To address this knowledge gap, we at the Brandenburg University of Technology, recently conducted a project to study the design of industrial control networks that run power plants. Below are some of our key takeaways that we presented recently at PAM 2022.

Industrial control networks 101

Industrial control systems can be broken down into Supervisory Control and Data Acquisition (SCADA) and Distributed Control Systems (DCS).

While SCADA networks control the interaction of distributed assets (for example, to enable power and water supply), DCS is used to control local core processes in power plants. In this post, we will focus on DCS.

While such networks differ in their physical extension and associated network characteristics, they are quite similar in terms of network organization. Yet, the concrete network design including its configuration (for example, addressing schemes) is vendor-specific.

Typically they use a layered design as shown in Figure 1:

Figure 1 — Distributed Control System network topology.
Figure 1 — Distributed Control System networks tend to use a layered design.

There are multiple layers, each with a ring topology using switches. For robustness, the network is statically configured and thus DHCP or DNS are not needed.

The lowest network part, the Field Network, consists of the physical level, including sensors and actuators measuring and adjusting physical parameters (for example, temperature and pressure). They are connected to programmable logic controllers (PLCs). Each PLC controls actuators and/or monitors sensors to realize a low-level application-specific control loop.

In the Control Network, inputs from various PLCs are collected and evaluated by subsystem-specific servers to aggregate all activities corresponding to a subprocess. For power plants, an example subprocess is monitoring the boiler temperature.
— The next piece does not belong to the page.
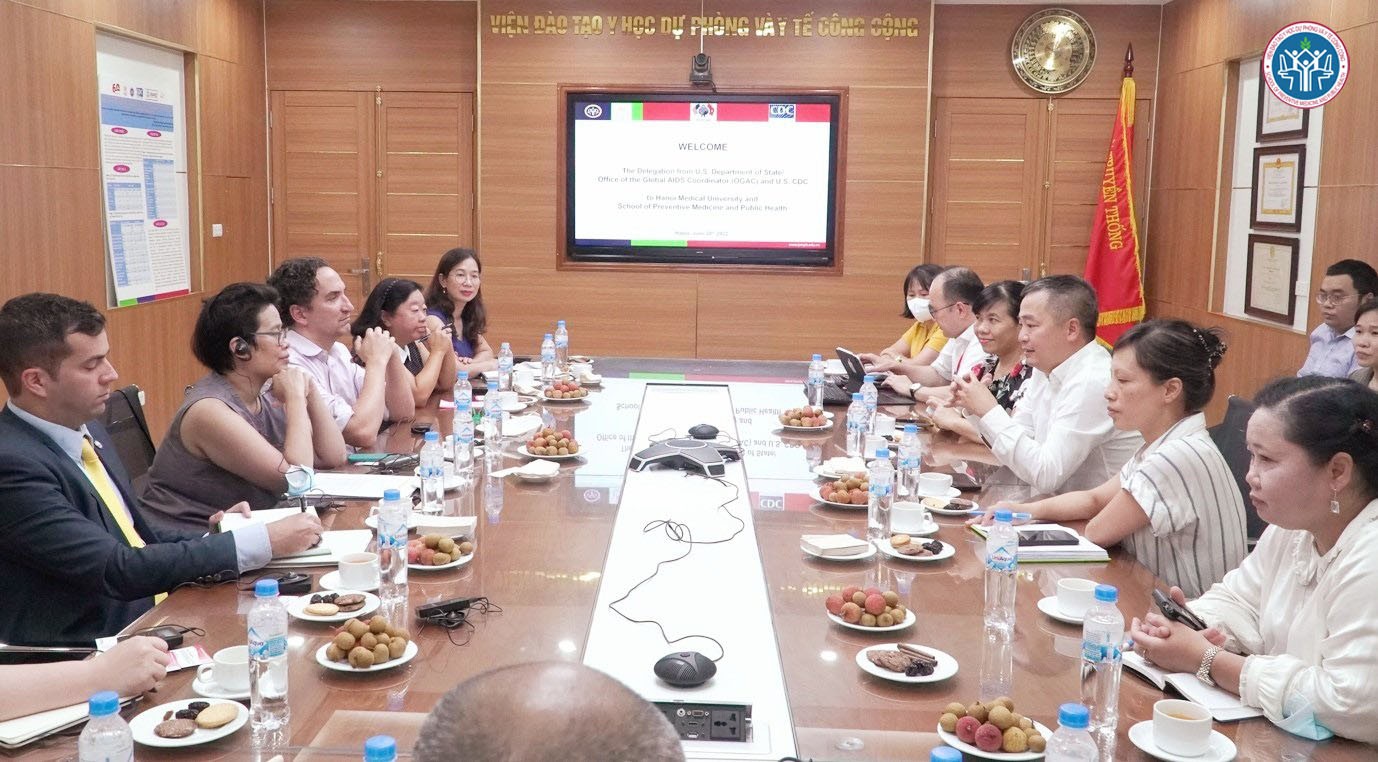 Ngày 28.6.2022, GS.TS. Lê Thị Hương - Viện trưởng Viện Đào tạo Y học dự phòng và Y tế công cộng, đã có buổi tiếp đón và làm việc với Đoàn công tác cấp cao của Văn phòng Điều phối Chương trình AIDS toàn cầu (SGAC) và Trung tâm Dự phòng và Kiểm soát bệnh tật Hoa Kỳ tại Việt Nam (CDC Hoa Kỳ).

Automation servers (Auto) enable clients to automate control procedures. Migration servers (Mig) aggregate data from the lower-layer field network to the higher layer Control Network. Application servers prepare the process data for visualization on the Human Machine Interfaces (HMI).

Monitoring and manual adjustment of the physical process are realized in the Supervisory Network. Here the operator interacts with the subsystems via HMI that incorporate the data from the Control Network.
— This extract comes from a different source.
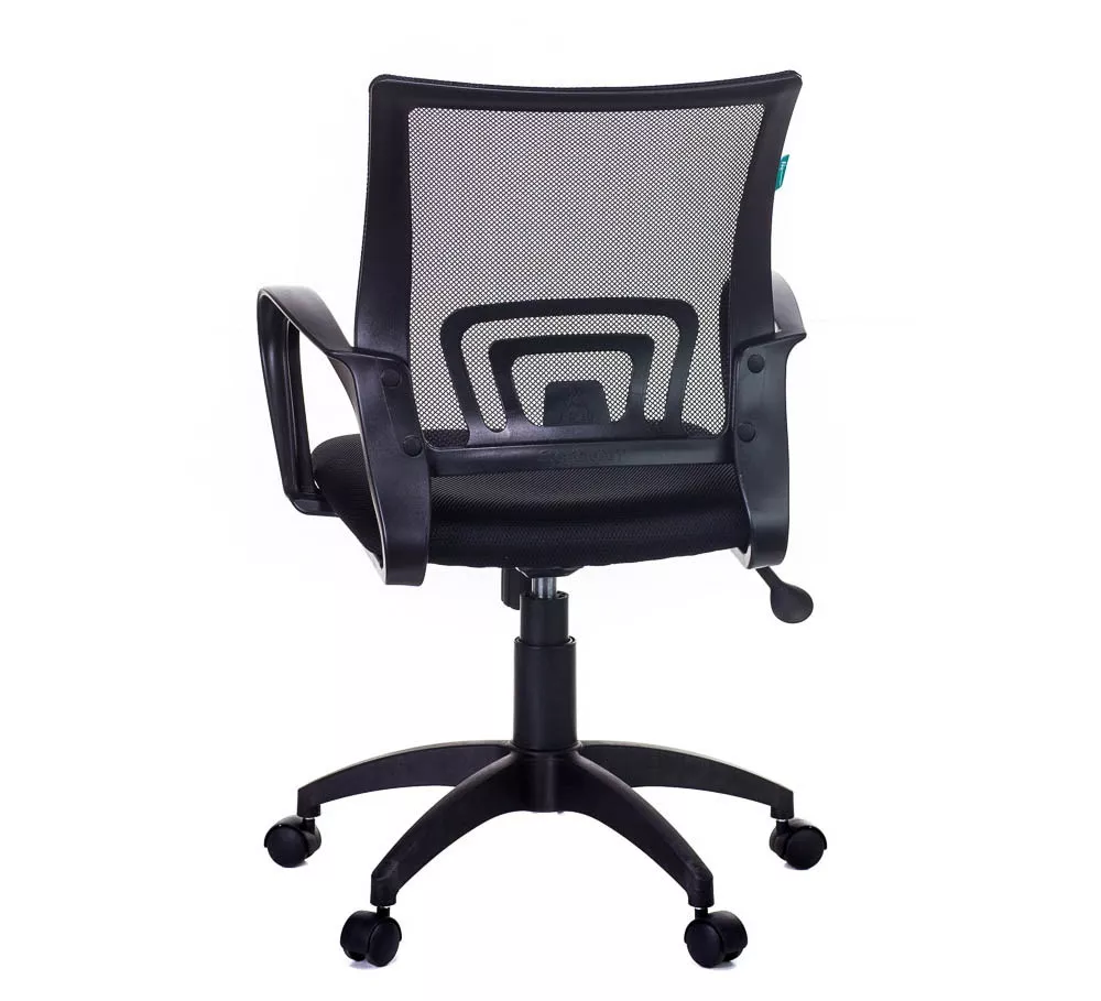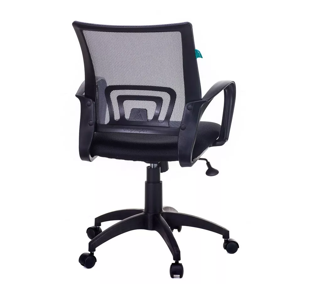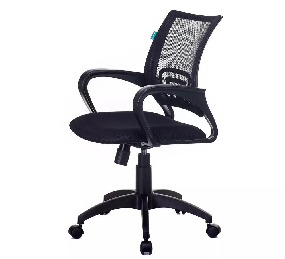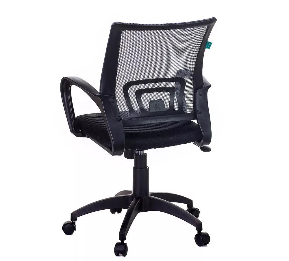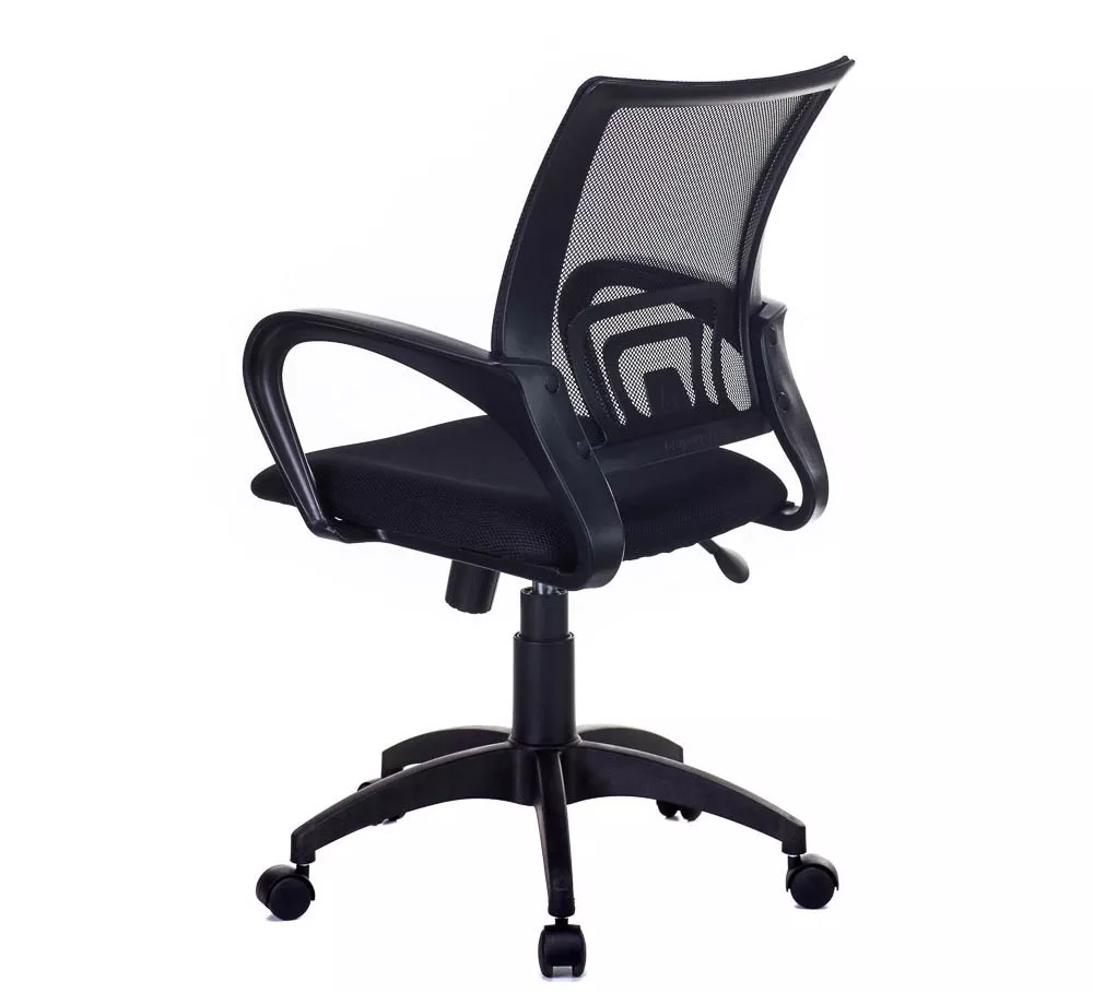 Ткань черного цвета, которой обтянуто сидение кресла, отличается своей прочностью и износостойкостью. Предусмотрен механизм качания. Пятилучевая крестовина изготовлена из прочного пластика. В сочетании с поворотными колесиками, она позволяет креслу легко и бесшумно передвигаться по любому напольному покрытию. Ограничения - вес более 120 кг.
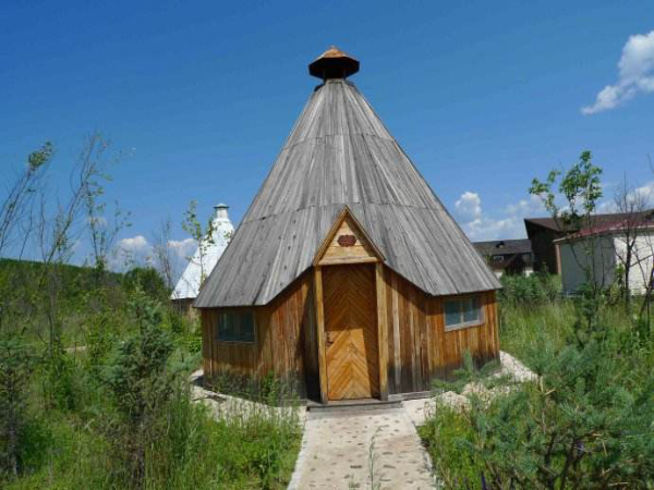 “撮羅子”又稱“斜仁柱”或“撮羅昂庫(kù)”,是鄂溫克以及鄂倫春、赫哲等東北狩獵和游牧民族的一種圓錐形“房子”?!按榱_”是“尖”、“昂庫(kù)”是“窩棚”?!靶比省笔恰澳緱U”,“柱”是“屋子”。把兩種名稱的意思合起來(lái),就是“用木桿搭起的尖頂屋”,這正是“撮羅子”最主要的特征。

Another characteristic is that these networks are rarely upgraded. In the case of power plants, operators only plan for one network upgrade during the entire lifetime; once installed, networks run for decades without major changes. This is in stark contrast to Internet networks that are upgraded frequently.

What kind of traffic do these networks carry?

To study this, we captured traffic traces at three operational power plants. Let’s dive into the application mix of each network level starting at the bottom, the Field Network.

We refer to an ‘application protocol’ as a protocol used to transmit application payload, regardless of the transport protocol. At the field layer, we saw only PLC to PLC communication over one single protocol dissected by Wireshark as COTP. This is the typical understanding of an industrial network — only a single protocol is used. Yet, this assumption of a single protocol does not reflect all industrial networks.

In the case of power plants, we found a rich application mix that differs by layer (Figure 2). Beyond the field level, we found a jungle of binary proprietary communication for which no public specification exists. That is, normally we can refer to IETF RFCs to understand Internet protocols, but no equivalent exists for industrial networks. As such, understanding industrial traffic requires hard manual reverse engineering.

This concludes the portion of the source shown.